Upper School History Teacher Andy Cox introduced the panelists and moderated the discussion. He said, “It is my great pleasure to welcome you to today’s discussion on Investment and Development in St. Louis Post-Tornado. We are honored to be joined by an extraordinary panel of leaders who bring a wealth of experience in recovery, resilience, and community transformation.” The panel consisted of:
- Dr. LJ Punch, trauma surgeon and founder of 314 Oasis. Dr. Punch has served on the faculty at Washington University and as a Professor of Surgery at BJC. A graduate of the University of Maryland School of Medicine, Dr. Punch is nationally recognized for their work supporting survivors of gun violence and advancing community-based healing.
- LaKricia Cox, Executive Director of the American Red Cross. Cox holds a Master’s degree in International Relations from Webster University and brings more than 20 years of nonprofit leadership experience. She has served as Executive Director of Girls in the Know and as Director of Programs at the Little Bit Foundation, among other roles devoted to strengthening communities.

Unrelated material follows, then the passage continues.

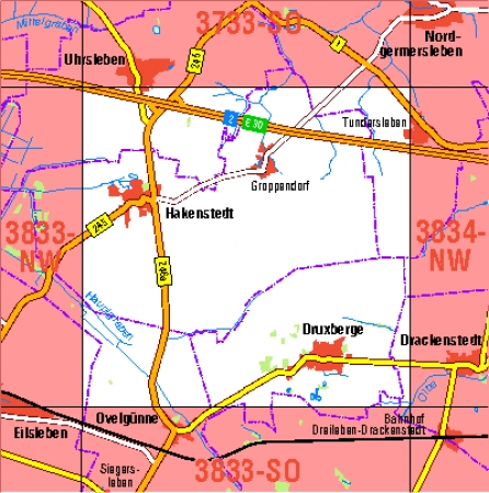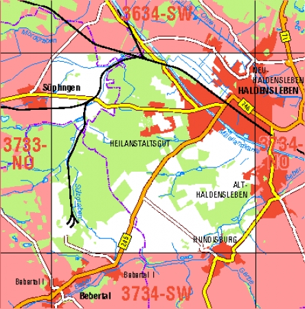 Maßstab 1:10 000, Nomenklatur: 3734-NW, Name des Kartenblatts: Haldensleben, Auflagejahr: 2024, Blattschnitt: Normalblattschnitt (Preußische Landesaufnahme), Gradabteilungskarte mit 5 min geographischer Länge und 3 min geographischer Breite, Geodätischer Raumbezug: GRS80-Ellipsoid, ...

- Cami Thomas ’11, Director, Producer, and Founder of My Friends and I. An alumna of MICDS, Thomas graduated from Loyola University New Orleans with a Bachelor of Business Administration in Marketing. She has worked as a marketing specialist for Red Bull and now leads her own creative production company, which amplifies local voices and stories.

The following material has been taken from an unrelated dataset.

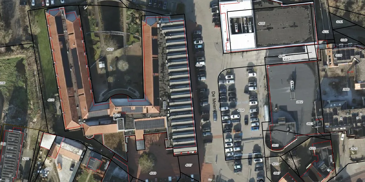 Het perceel waarop De Meierij 27 staat heeft een oppervlakte van 3893 m². Dit is een zeer groot perceel. De perceeloppervlakte wordt geregistreerd door het Kadaster. Gedetailleerde informatie over de maten van dit perceel kunt u vinden in het rapport Kadastrale kaart met maatvoering van De Meierij 27.

- Julian Nicks, Chief Recovery and Neighborhood Transformation Officer for the City of St. Louis. Nicks is a graduate of Washington University and holds a business degree from Stanford University. Before stepping into his current role, he served on the board of the Recovery Office. Over the course of his career, he has held numerous leadership positions in local government across the Midwest, focusing on workforce development, education, and municipal partnerships. Notably, he served as Director of Transformation for the Missouri Department of Higher Education and Workforce Development.
Mr. Cox then asked the panel a series of questions.

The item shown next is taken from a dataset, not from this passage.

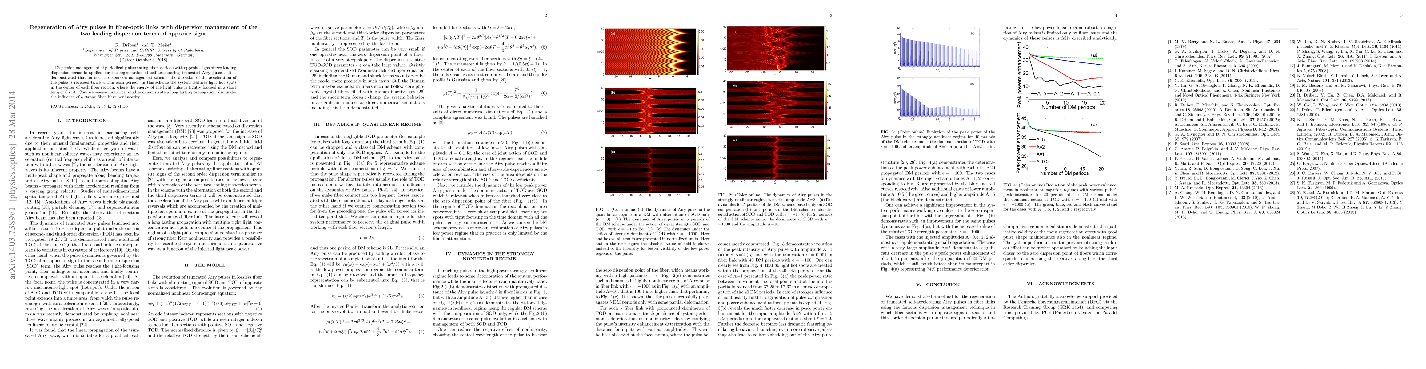 This paper explores the regeneration of self-accelerating Airy pulses in fiber-optic links using dispersion management with alternating fiber sections that reverse the pulse's acceleration direction twice per period, effectively maintaining long-distance propagation despite strong Kerr nonlinearity. Numerical studies confirm the technique's robustness.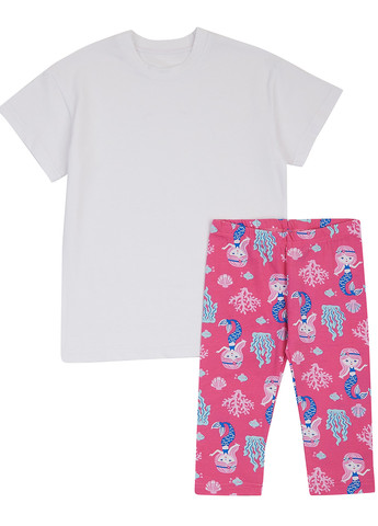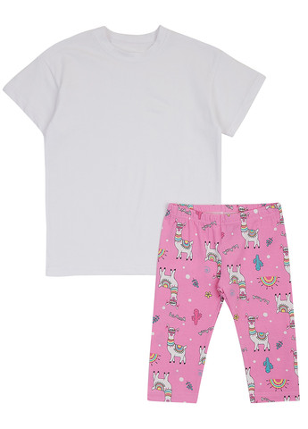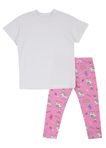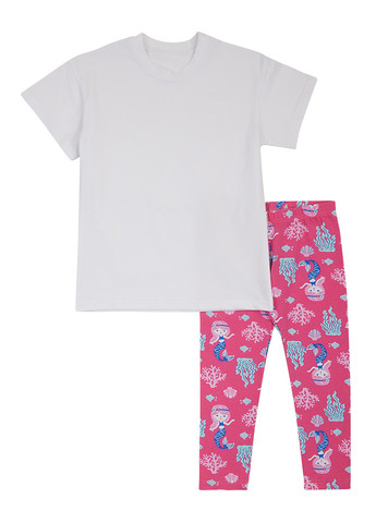 Летний комплект для девочки: классическая футболка и леггинсы. Изготовлен из качественного стрейч-кулира, хорошо держащего цвет и форму даже после многократной стирки. Футболка с ярким принтом спереди и рукавом-крылышком с отворотом по низу. Леггинсы с цельнокроеным поясом на резинке, хорошо облегают фигуру, не сковывают движения ребенка.

What are you and your organizations doing to help St. Louis recover from the tornado?
Punch: “The tornado directly impacted me in the Central West End. I was really moved by trauma. I’m a trauma surgeon and have practiced over the last two decades. I’ve seen a lot of individual people who were hit by a car or shot. On that day, on May 16, it was like 5,000 people got shot all at once. They experienced trauma to their bodies, lives, and homes. It’s the most overwhelming moment I have seen. Since then, I have created a body of work in solidarity with them. We are working to bring four things to this large cohort: rest, power, care, and connection.
Cox: “Our mission is to prevent and alleviate human suffering in the face of emergencies. The tornado caused complete devastation to communities, specifically in North City where most of the impact occurred. We respond to the immediate needs. Shelter is number one. We provided shelter that night. We also provided food. Then we have a medical team, out in our shelters, also providing spiritual care and mental health care. All this was provided immediately in the face of the tornado.”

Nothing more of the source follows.